After loss of daughter, Va. mother hopes her pain helps prevent prescription drug overdose deaths

The mother of a Centreville High School teenager who died of a prescription drug overdose is sharing her pain in hopes of preventing tragedies like this for other families.

Alexia Springer, 17, died in March after mixing prescription drugs with alcohol at a birthday party.

"There is not a second that goes by that I don't think of her," said Alexia's mother, Rona Powell. "Every day, every minute - 'Why did you make that choice, Alexia?'"

Powell thought she had done everything right. Her daughter was a varsity soccer player, a great student and homecoming princess. Powell said she was close to Alexia and had spoken to her about the dangers of drugs.

"I personally believed we were on that same page," Powell said. "I don't know what happened that night."

She said parents were home at the party, but the teenagers still ended up drinking and using drugs. Alexia left the party with a friend who was staying over at her house and went to bed. The friend later found Alexia was unconscious and not breathing.

An autopsy showed morphine, oxycodone, an anxiety drug, and alcohol in her system. David Evers, an 18-year-old from Clifton, Va., was arrested last month, linked to providing the drugs.

Powell said she briefly spoke to her daughter's friend after she was questioned by police.

"I said, 'Was this the first time?' And she said, 'Yes. This isn't something that Alexia has done before,'" Powell recalled.

She said more than anything, she wants other parents to get rid of the mindset that this could never happen to their child.

"I would never in a million years think that I would be sitting here telling you about my daughter's death because of an accidental drug overdose," Powell said. "For this to happen to Alexia, this could happen to anyone."

Powell spoke to FOX 5 ahead of a heroin and prescription drug awareness meeting at Centreville High School on Tuesday. It starts at 7 p.m. in the school's auditorium and is the second such meeting in Fairfax County since Alexia's death.

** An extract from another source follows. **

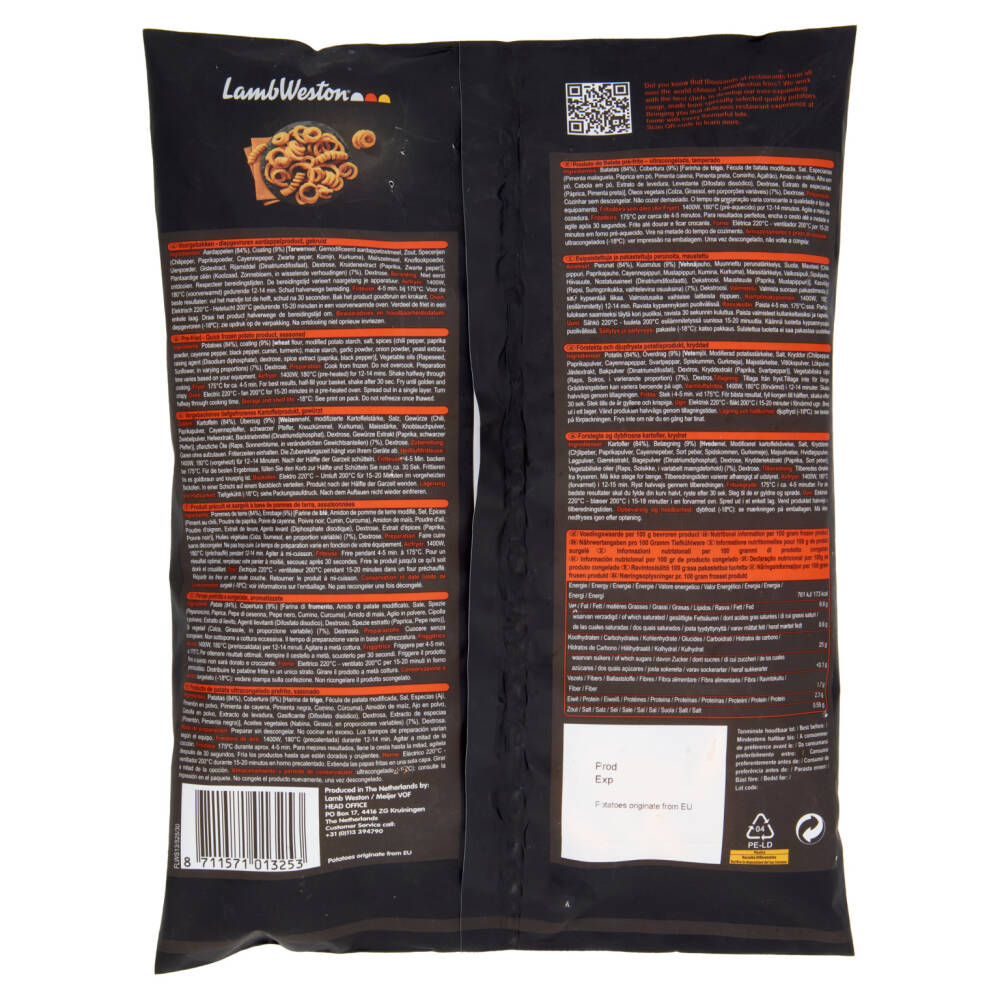 Patate (84%) Copertura (9%) [farina di frumento, amido di patate modificato, sale, spezie (peperoncino, paprica, pepe di cesenna, pepe nero, cumino, curcuma), amido di mais, aglio in polvere, cipolla in polvere, estratto di lievito, agenti lievitanti (difosfato disodico), destrosio, spezie estratto (paprica, pepe nero)] Oli vegetali (colza, girasole, in proporzione variabile) (7%) Destrosio

"I think it's great," said Powell. "I think it's very much needed. I think it's necessary for parents and teens to come together and realize what these drugs are doing."

Powell said spreading awareness about the dangers of prescription drugs is now lifetime commitment. She hopes her devastating loss might help save someone else.

"That is why I'm here and that is my goal," she said. "If it is one person. I hope it is many, many more. I just hope people realize this can happen. And these drugs are so toxic."